The nine variable model consists of the following variables: ‘zn’,‘indus’,‘nox’,‘dis’,‘rad’,‘ptratio’,‘black’,‘lstat’ and ‘medv’.
#For ridge regression we need glmnet.
library(glmnet)
set.seed(1)
boston.x = model.matrix(crim~., data = Boston)[,-1]
boston.y = Boston$crim
#Performing ridge regression
ridge.boston=cv.glmnet(boston.x,boston.y,alpha=0, type.measure = "mse")
plot(ridge.boston)
coef(ridge.boston)
## 14 x 1 sparse Matrix of class "dgCMatrix"
## s1
## (Intercept) 1.017516864
## zn -0.002805664
## indus 0.034405928
## chas -0.225250602
## nox 2.249887499
## rm -0.162546004
## age 0.007343331
## dis -0.114928730
## rad 0.059813844
## tax 0.002659110
## ptratio 0.086423005
## black -0.003342067
## lstat 0.044495213
## medv -0.029124577
boston.ridge.err=ridge.boston$cvm[ridge.boston$lambda==ridge.boston$lambda.1se]
boston.ridge.err
## [1] 55.80448
The mean squared error for ridge regression is 55.80448.
#For Lasso, the alpha value is changed to 1.
library(glmnet)
set.seed(1)
#Performing lasso
lasso.boston=cv.glmnet(boston.x,boston.y,alpha=1, type.measure = "mse")
plot(lasso.boston)
boston.lasso.err=lasso.boston$cvm[lasso.boston$lambda==lasso.boston$lambda.1se]
boston.lasso.err
## [1] 55.3338
The mean squared error for Lasso is 55.338, which is lower than ridge regression.
# Principal Components Regression
library(pls)
set.seed(2)
pcr.boston=pcr(crim~., data=Boston,scale=TRUE,validation="CV")
summary(pcr.boston)
## Data: X dimension: 506 13
## Y dimension: 506 1
## Fit method: svdpc
## Number of components considered: 13
##
## VALIDATION: RMSEP
## Cross-validated using 10 random segments.
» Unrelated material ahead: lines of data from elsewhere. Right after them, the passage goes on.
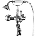 Назначение: ванна+душ • Конструкция: однорычажный • Монтаж: вертикальный • Материал: покрытие - золото • Подводка: жесткая • Монтажные отверстия: 2 отверстия • Форма излива: традиционная • Душевая лейка в комплекте: есть • Держатель для душевой лейки: на смесителе • Донный клапан в комплекте: есть
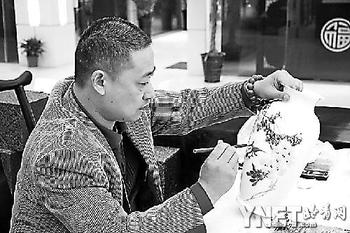 記者昨日從展覽現(xiàn)場看到,一位瓷器玩家在一位藝術(shù)家的作品前徘徊許久,提出要將這幾件作品全部買下,最后在主辦方要求下,這位玩家才同意展出結(jié)束后再提貨,讓更多的陶瓷愛好者能夠一飽眼福。(圖為景德鎮(zhèn)陶藝師現(xiàn)場彩繪)
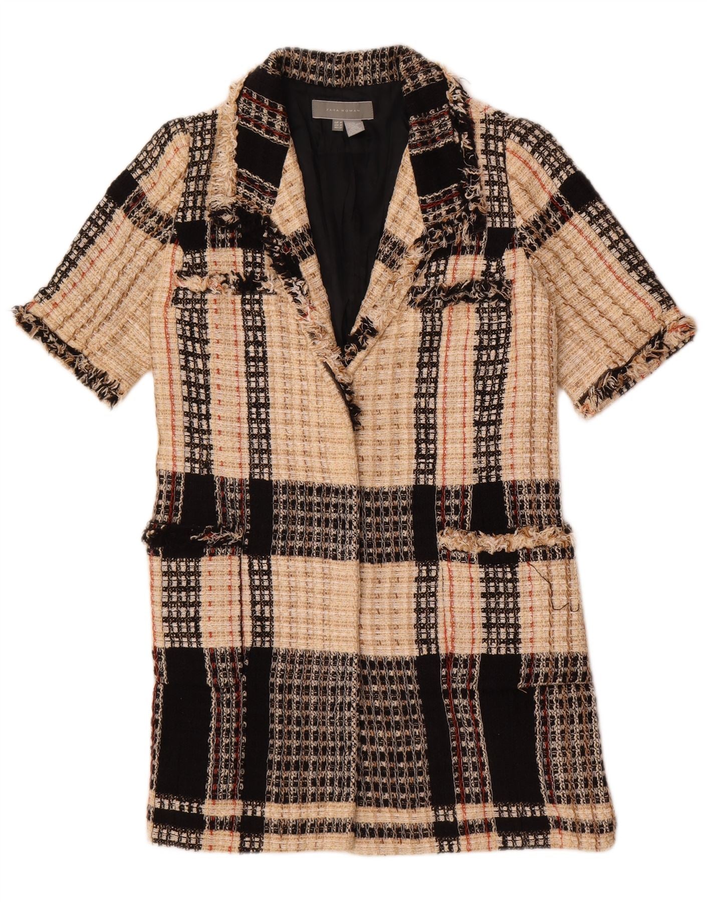 Женский удлиненный пиджак Zara с коротким рукавом UK 12, средний бежевый в клетку
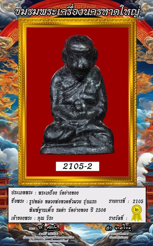 พระรูปหล่อ หลวงพ่อทวด หัวมวย วัดอ่างทอง ปี 2506
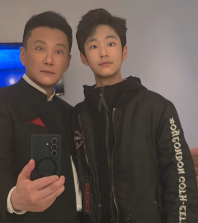 在后台,王斑拉着儿子自己合照。作为王斑和曹颖的儿子,王子高度继承了父母的优良基因,长得眉清目秀,又不乏英气!
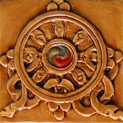 Wheel (Tib. khorlo) Representing the wheel of truth.
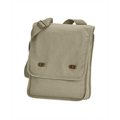 Large main compartment; Inside zippered pocket; Large front flap for easy embellishment; Antique brass turn-buckle closures; Adjustable webbing shoulder strap with antique brass slider; Self fabric binding
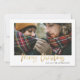 Festividades Cartão com fotos de xadrez verde de Natal Dourado
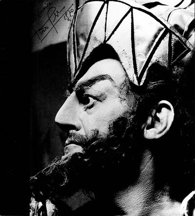 Signed photograph, shown in role (possibly Verdi's Nabucco), dated in 1970. Size is 8 x 9 inches, in excellent condition.

## (Intercept) 1 comps 2 comps 3 comps 4 comps 5 comps 6 comps
## CV 8.61 7.229 7.227 6.814 6.799 6.795 6.794
## adjCV 8.61 7.225 7.222 6.807 6.789 6.788 6.787
## 7 comps 8 comps 9 comps 10 comps 11 comps 12 comps 13 comps
## CV 6.787 6.654 6.664 6.673 6.676 6.651 6.573
## adjCV 6.780 6.645 6.656 6.664 6.666 6.639 6.562
##
## TRAINING: % variance explained
## 1 comps 2 comps 3 comps 4 comps 5 comps 6 comps 7 comps 8 comps
## X 47.70 60.36 69.67 76.45 82.99 88.00 91.14 93.45
## crim 30.69 30.87 39.27 39.61 39.61 39.86 40.14 42.47
## 9 comps 10 comps 11 comps 12 comps 13 comps
## X 95.40 97.04 98.46 99.52 100.0
## crim 42.55 42.78 43.04 44.13 45.4
In the PCR model, the 8 components model appears to have lowest CV error. The 8 components model, explains 99.52% of variance is explained by the predictors. And for 8 components model, MSE is 44.13.PCR model predicts pretty well.
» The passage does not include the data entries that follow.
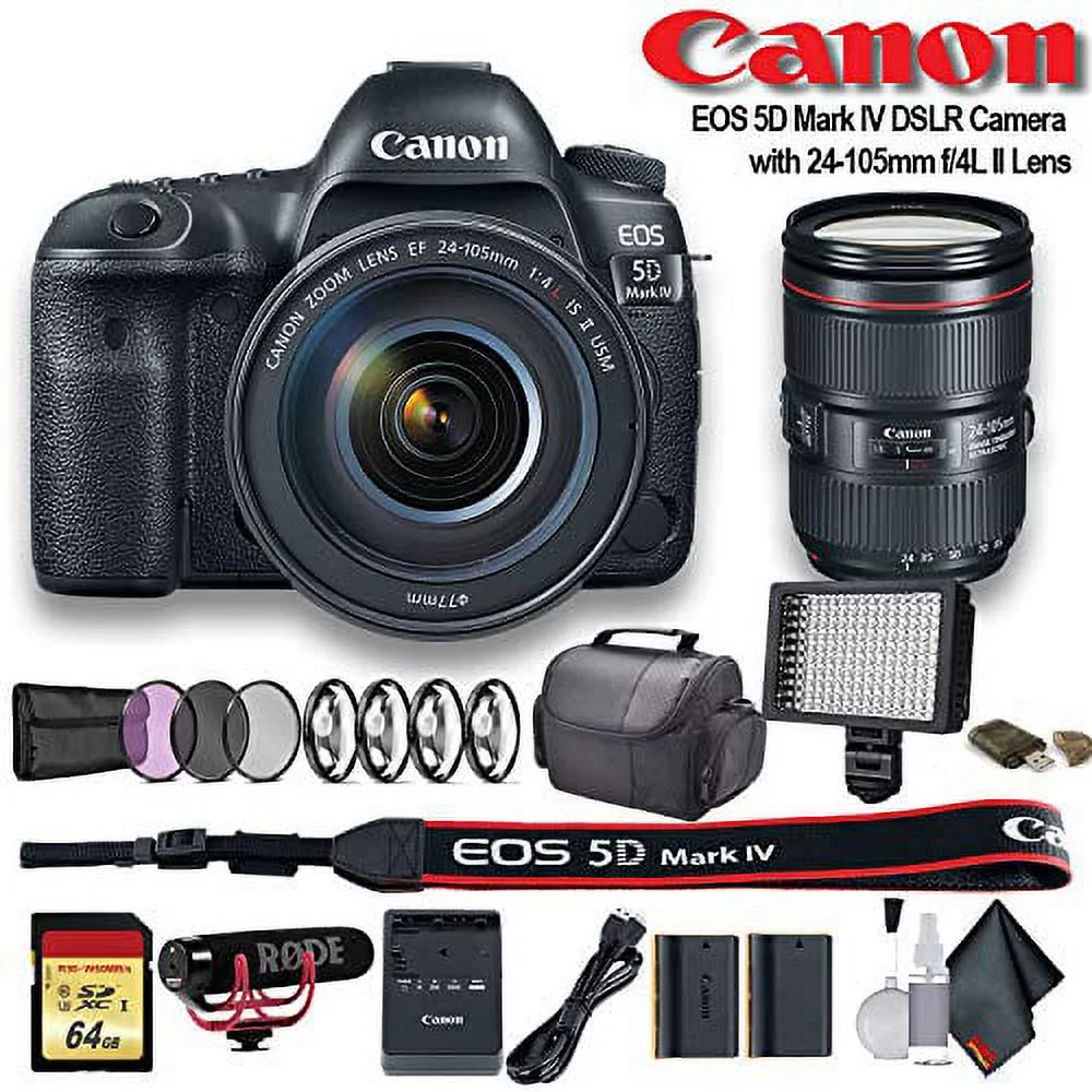 Canon EOS 5D Mark IV DSLR Camera with 24-105mm f/4L II Lens (Intl Model) W/ Bag, Extra Battery, LED Light, Mic, Filters and More - Advanced Bundle
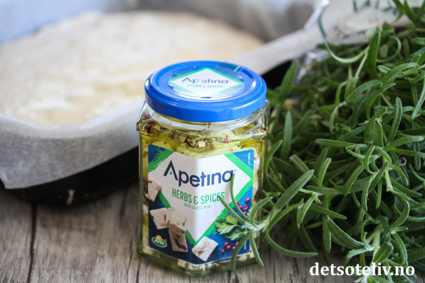 Det holder jo fint med 1 glass fetaost til denne focacciaen, men er du veeeldig glad i masse fetaost (yes, I am... ), kan du bruke osten fra 2 glass som jeg gjør.
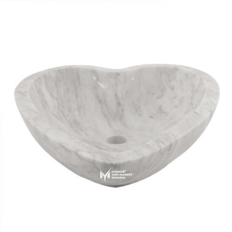 Ana Sayfa Ürünler Mutfak-Banyo & Hamam Doğal Taş Lavabolar Beyaz Mermer Kalp Şekil Lavabo
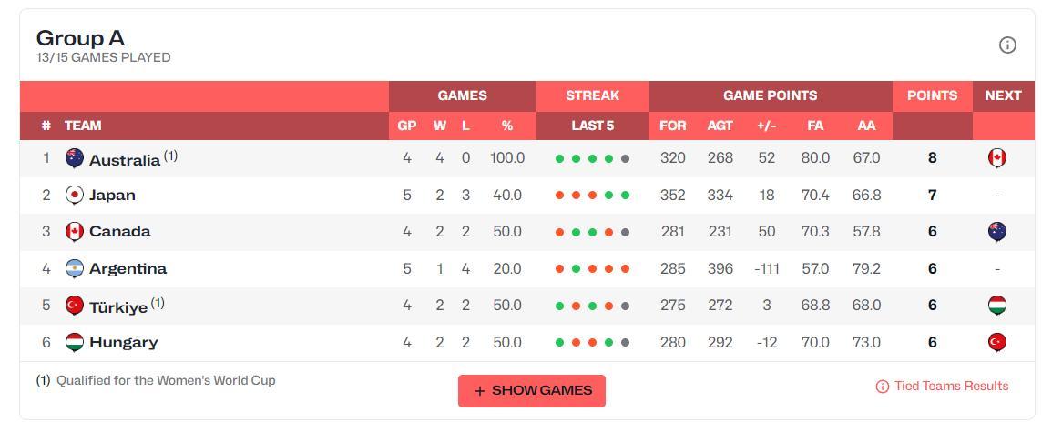 雖然日本隊拿到了一場44分的大勝,他們也將負的淨勝分改寫爲+18,但她們只贏了加拿大與阿根廷而已,他們與匈牙利、土耳其、澳大利亞的交手都是失利,所以日本隊要拿到世界盃門票還需要同時滿足兩個條件!
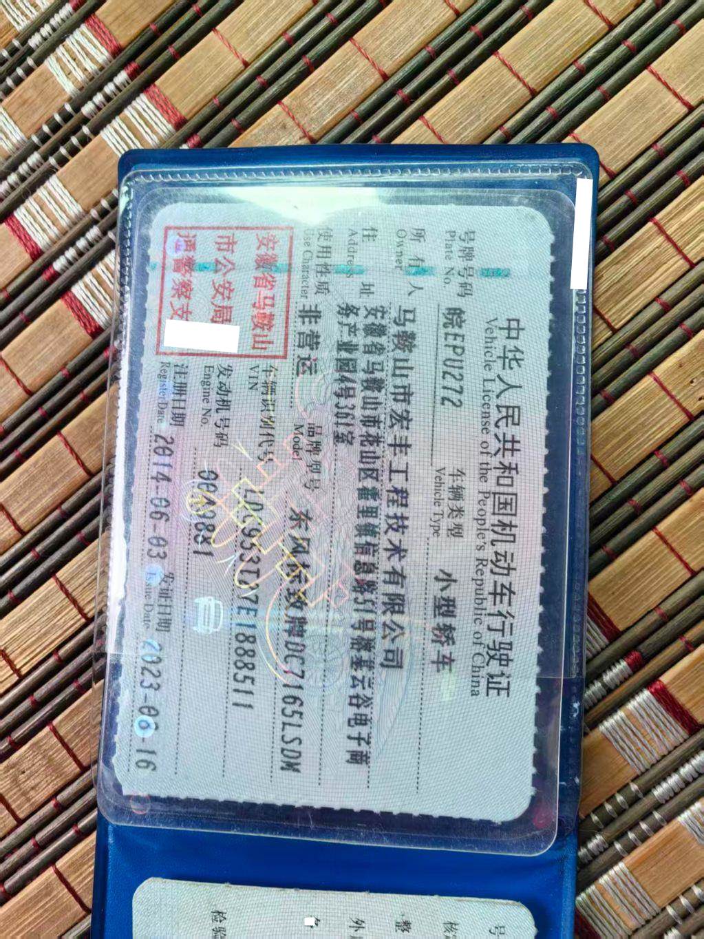 车辆归属地 安徽省马鞍山市 车辆停放仓库 安徽省马鞍山市马鞍山市

(b) Propose a model (or set of models) that seem to perform well on this data set, and justify your answer. Make sure that you are evaluating model performance using validation set error, cross-validation, or some other reasonable alternative, as opposed to using training error.
The best subset selection model had validation set error of 50.43. The Ride regression had 55.80, the Lasso model had validation set error of 55.33. The PCR had validation set error of 44.13 for 8 components model.In short, the PCR performed better.
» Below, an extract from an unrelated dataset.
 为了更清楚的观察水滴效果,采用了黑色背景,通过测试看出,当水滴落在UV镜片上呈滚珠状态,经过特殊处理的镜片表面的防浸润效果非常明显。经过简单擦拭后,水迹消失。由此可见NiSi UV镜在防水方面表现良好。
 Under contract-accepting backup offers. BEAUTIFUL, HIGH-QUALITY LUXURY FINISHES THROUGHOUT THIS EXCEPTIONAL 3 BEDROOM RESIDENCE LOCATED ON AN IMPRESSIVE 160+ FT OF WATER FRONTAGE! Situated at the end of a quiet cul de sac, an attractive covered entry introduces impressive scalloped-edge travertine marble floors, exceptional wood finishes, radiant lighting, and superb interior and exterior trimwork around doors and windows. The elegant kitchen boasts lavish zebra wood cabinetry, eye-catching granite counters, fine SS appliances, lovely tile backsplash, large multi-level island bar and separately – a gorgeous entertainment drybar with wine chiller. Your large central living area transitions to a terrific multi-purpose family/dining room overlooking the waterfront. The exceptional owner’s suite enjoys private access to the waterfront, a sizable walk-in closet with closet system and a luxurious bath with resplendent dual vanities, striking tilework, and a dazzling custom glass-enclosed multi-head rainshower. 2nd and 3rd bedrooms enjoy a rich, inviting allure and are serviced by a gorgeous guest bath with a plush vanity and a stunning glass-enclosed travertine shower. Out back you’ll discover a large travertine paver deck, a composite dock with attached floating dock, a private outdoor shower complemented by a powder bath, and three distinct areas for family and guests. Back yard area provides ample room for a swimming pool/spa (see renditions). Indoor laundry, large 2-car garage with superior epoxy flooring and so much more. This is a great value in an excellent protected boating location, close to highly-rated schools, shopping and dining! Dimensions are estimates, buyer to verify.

(c) Does your chosen model involve all of the features in the data set? Why or why not?
The eight components model of PCR was the well chosen model. The model had only eight components because we are looking to have better prediction accuracy with low variance and low validation set error.